* **Data**:
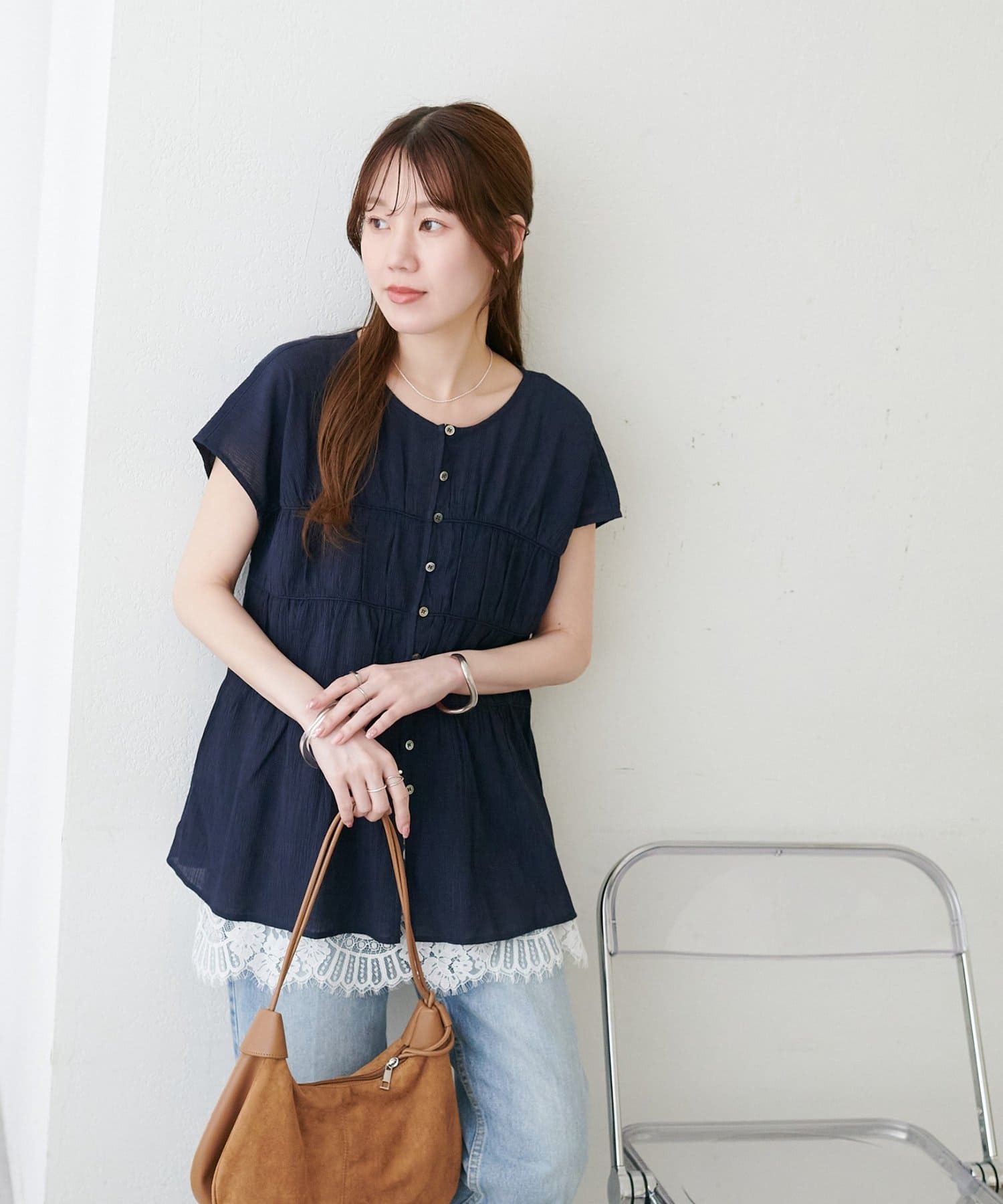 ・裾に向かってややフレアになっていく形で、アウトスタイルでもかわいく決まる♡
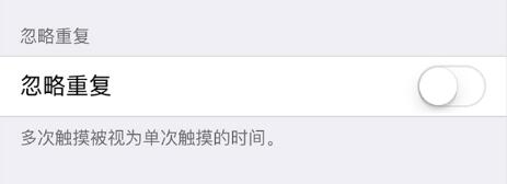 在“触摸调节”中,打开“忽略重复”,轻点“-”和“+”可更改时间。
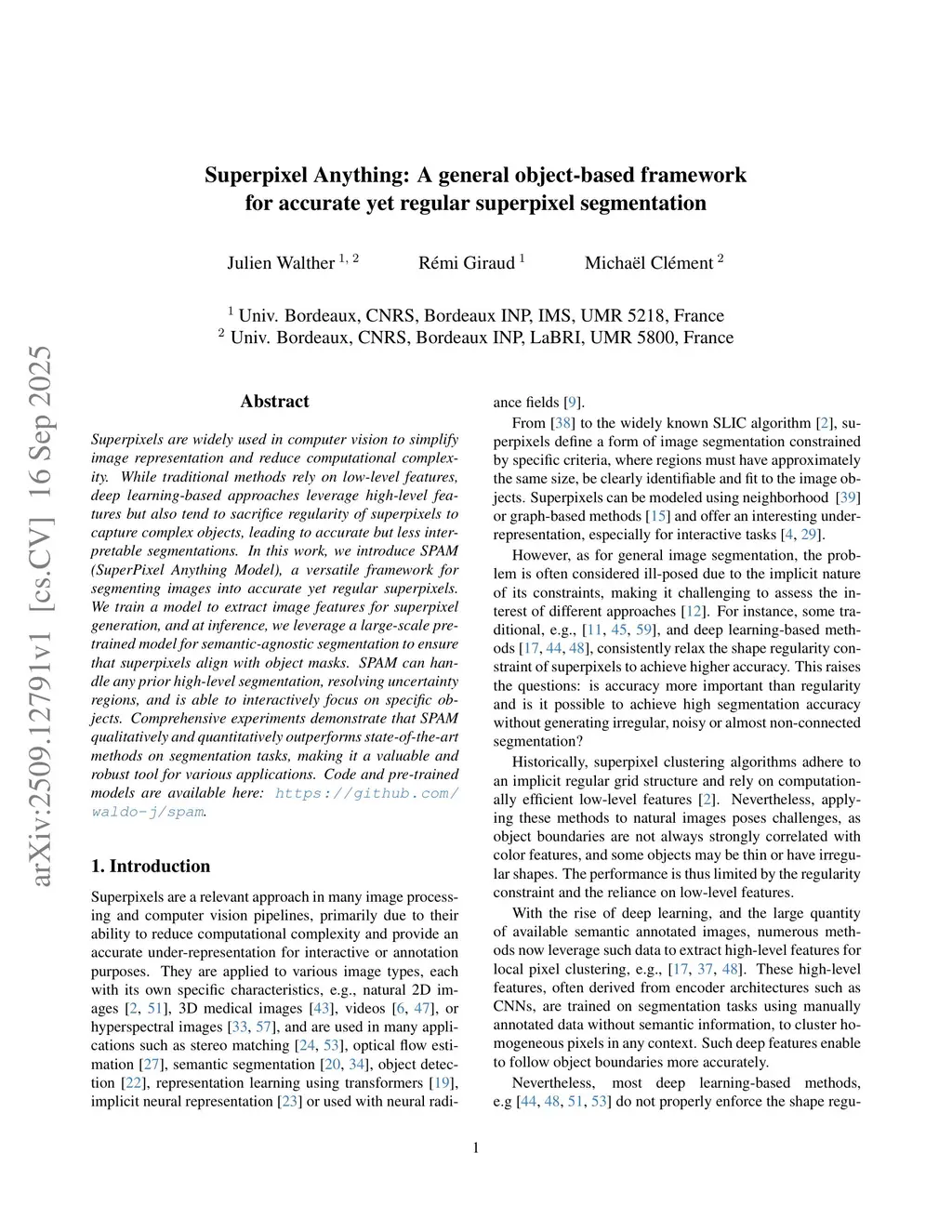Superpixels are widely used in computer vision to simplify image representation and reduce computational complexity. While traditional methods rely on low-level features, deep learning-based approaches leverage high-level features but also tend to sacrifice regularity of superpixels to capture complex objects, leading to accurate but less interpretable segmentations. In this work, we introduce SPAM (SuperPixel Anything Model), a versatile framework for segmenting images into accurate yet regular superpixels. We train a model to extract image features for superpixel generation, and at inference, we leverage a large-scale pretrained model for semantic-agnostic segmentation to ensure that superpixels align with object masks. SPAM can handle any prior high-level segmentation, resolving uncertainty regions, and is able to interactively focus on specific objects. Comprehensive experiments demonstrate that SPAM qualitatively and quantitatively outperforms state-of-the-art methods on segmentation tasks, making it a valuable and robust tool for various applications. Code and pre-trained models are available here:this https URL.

* **Exercise**: Keep the pictures out and transcribe the listing exactly.

* **Reply to the task**:
 ・裾に向かってややフレアになっていく形で、アウトスタイルでもかわいく決まる♡
 在“触摸调节”中,打开“忽略重复”,轻点“-”和“+”可更改时间。
Superpixels are widely used in computer vision to simplify image representation and reduce computational complexity. While traditional methods rely on low-level features, deep learning-based approaches leverage high-level features but also tend to sacrifice regularity of superpixels to capture complex objects, leading to accurate but less interpretable segmentations. In this work, we introduce SPAM (SuperPixel Anything Model), a versatile framework for segmenting images into accurate yet regular superpixels. We train a model to extract image features for superpixel generation, and at inference, we leverage a large-scale pretrained model for semantic-agnostic segmentation to ensure that superpixels align with object masks. SPAM can handle any prior high-level segmentation, resolving uncertainty regions, and is able to interactively focus on specific objects. Comprehensive experiments demonstrate that SPAM qualitatively and quantitatively outperforms state-of-the-art methods on segmentation tasks, making it a valuable and robust tool for various applications. Code and pre-trained models are available here:this https URL.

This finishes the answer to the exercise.